On the bias of the Gini estimator: Poisson and geometric cases, a characterization of the gamma family, and unbiasedness under gamma distributions
By: Roberto Vila, Helton Saulo
Potential Business Impact:
Fixes math for fairer income measuring.
In this paper, we derive a general representation for the expectation of the Gini coefficient estimator in terms of the Laplace transform of the underlying distribution, together with the mean and the Gini coefficient of its exponentially tilted version. This representation leads to a new characterization of the gamma family within the class of nonnegative scale families, based on a stability property under exponential tilting. As direct applications, we show that the Gini estimator is biased for both Poisson and geometric populations and provide an alternative, unified proof of its unbiasedness for gamma populations. By using the derived bias expressions, we propose plug-in bias-corrected estimators and assess their finite-sample performance through a Monte Carlo study, which demonstrates substantial improvements over the original estimator.
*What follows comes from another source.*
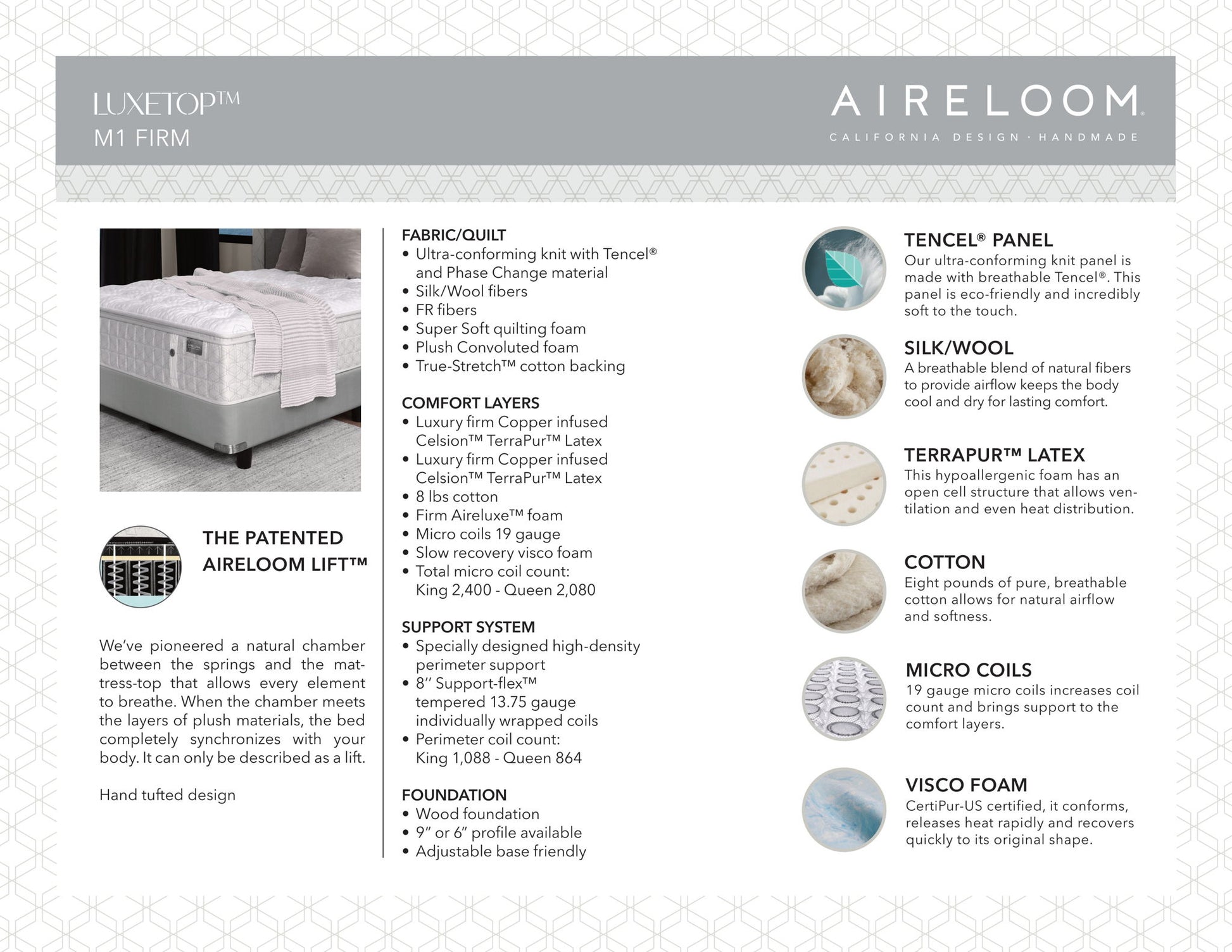 The Preferred Luxetop M1 Firm is a firmer version of Aireloom’s standard luxury mattress from the Preferred Collection. It is handmade and combines 3 of Aireloom’s superior components: the patented Aireloom Lift, Luxury Firm Celsion TerraPur Latex, and Firm Aireluxe foam. It conforms to your body and aligns your spine to minimize sleep disturbance.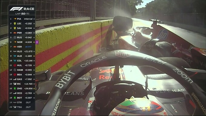 На останніх 20 колах гонщик Феррарі перебував на дистанції менше однієї секунди, але Оскар витримав неймовірний пресинг та здобув другу перемогу у кар'єрі Ф-1. А ось Леклер знову не виграв в Азербайджані, хоча вчетверте стартував з поулу.

Compared with existing approaches, our framework highlights the fundamental role of scale invariance and exponential tilting, rather than distribution-specific algebraic calculations, and complements recent results in Baydil et al. (2025) [Unbiased estimation of the gini coefficient. SPL, 222:110376] and Vila and Saulo (2025a,b) [Bias in Gini coefficient estimation for gamma mixture populations. STPA, 66:1-18; and The mth gini index estimator: Unbiasedness for gamma populations. J. Econ. Inequal].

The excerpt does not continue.